Blimey, MrsMH, you've been busy. I agree with you. Especially the bit about how we are all crap whether we follow a faith or not. It's true of course. But because religion is concerned primarily with "being good" and the question of how to be good, religious people are natural targets for accusations of hypocrisy.

If we want to criticise religion, it is so very much more productive to discuss specific acts of hypocrisy or wrongdoing within religious groups. There are plenty of them (just as there are outside religious groups), but it is just dumb to dismiss the entire concept. Like I said before, just because someone shits in the swimming pool it doesn't necessarily mean that swimming pools are a bad idea.
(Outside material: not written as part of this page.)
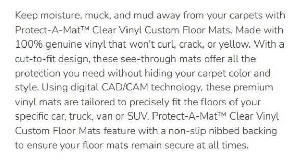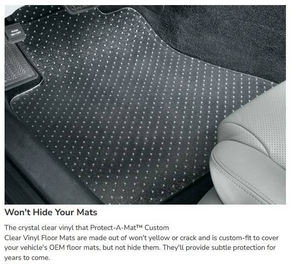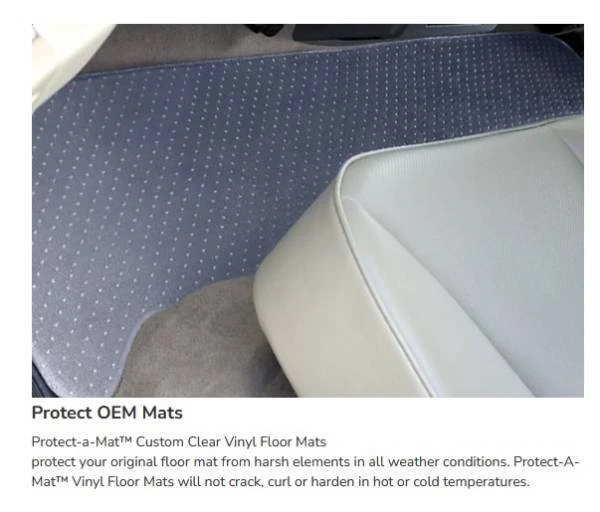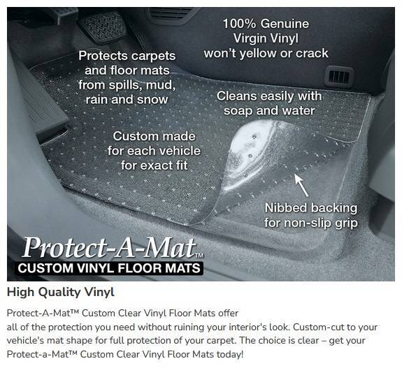 All Season - Great in Winter, Spring, Summer AND Fall Protect-o-Mats Custom Cut Floor Mats Designed to go ON TOP Of and protect your carpet mats ! NOTE: SAMPLE PHOTOS ONLY! Custom Cut for YOUR Vehicle The patterns are created to cover the original OEM floor mats for a vehicle. If your vehicle has had the floor mats replaced in the past, it may not line up exactly. There may be parts of the floor mats not covered if is creates a safety risk to add the thickness of these on top of the mat (such as behind a gas or brake pedal.) Protects the original floor mat from harsh elements in all weather conditions Protect-A-Mat will not crack, curl or harden in hot or cold temperatures Ultra premium vinyl construction, five 1/4 inch high nibs per square inch to prevent sliding Easy to clean, simply wipe off with damp towel Available in over 10,000 custom fit patterns Manufactured in the USA Over 10,000 custom fit patterns, including: full front overalls, rear overalls, cargo / trunk mats for all SUV’s, minivans, cars and trucks All patterns are computer precision cut Made With Pride in the USA Autonotions takes customer care and satisfaction Very Seriously. Making a sale is the easiest part of any transaction. The important thing is to make sure you are pleased with the purchase after the sale. I hope you will take a moment to review my Ebay Feedback and buy with confidence! Thank you for looking at my auction! Additional shipping charges for Hawaii, Puerto Rice, and Alaska. ABOUT AUTONOTIONS: See MORE Great Items we offer in our ebay store: Autonotions We take customer care and satisfaction Very Seriously. Making a sale is the easiest part of any transaction. The important thing is to make sure you are pleased with the purchase after the sale. I hope you will take a moment to review our Ebay Feedback and buy with confidence! Thank you for looking at our ebay item! We are a full line Auto Accessory Store. With over 100 suppliers, we can help you with all of your Accessory Needs. We carry brands like Wheelskins - Lebra - Putco - Bestop - Husky Liners - - Dee Zee - Westin - Bushwacker - Go Rhino - CoverCraft - CarCapsule - Napier Sportz - Intro-Tech - Lloyd - DashCare and many more. To learn more about us, be sure to visit us often. Check out our ebay store: Autonotions . Call us at [phone removed by eBay] HuskyLiners Husky Liners Lund International Rugged Ridge Rubbertite Lloyd Mats Thank you for checking out our Ebay item!
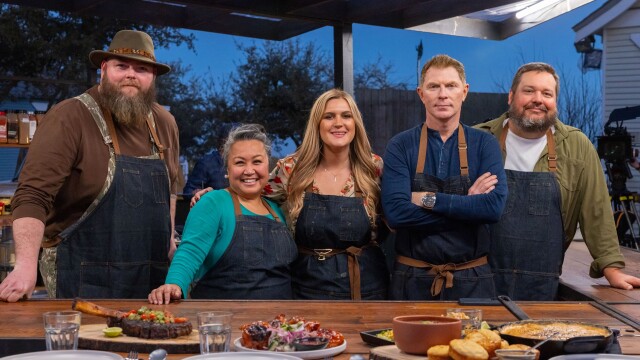 Bobby Flay battles to defend his BBQ Brawl crown against team captains Maneet Chauhan and Antonia Lofaso; Carson Kressley, Brooke Williamson and Rodney Scott return to judge the competition of live-fire cooking and other challenges.

(I too suffered the winner/sinner man at Oxford Circus every day for years. He used to drive me nuts. But really it's nothing compared to the commercial bombardment we suffer all the time now.)

ZephirineDrouhin · 23/11/2009 01:00

SGB - why should it be surprising that liberal believers should be in disagreement with non-liberal believers? And why would you think that the non-liberal ones somehow represent the religion in a way that the liberal ones don't? It's as though you think that a thick homophobic misogynist somehow has a better understanding of religious values than an educated liberal. Why would you think this? It doesn't make any sense.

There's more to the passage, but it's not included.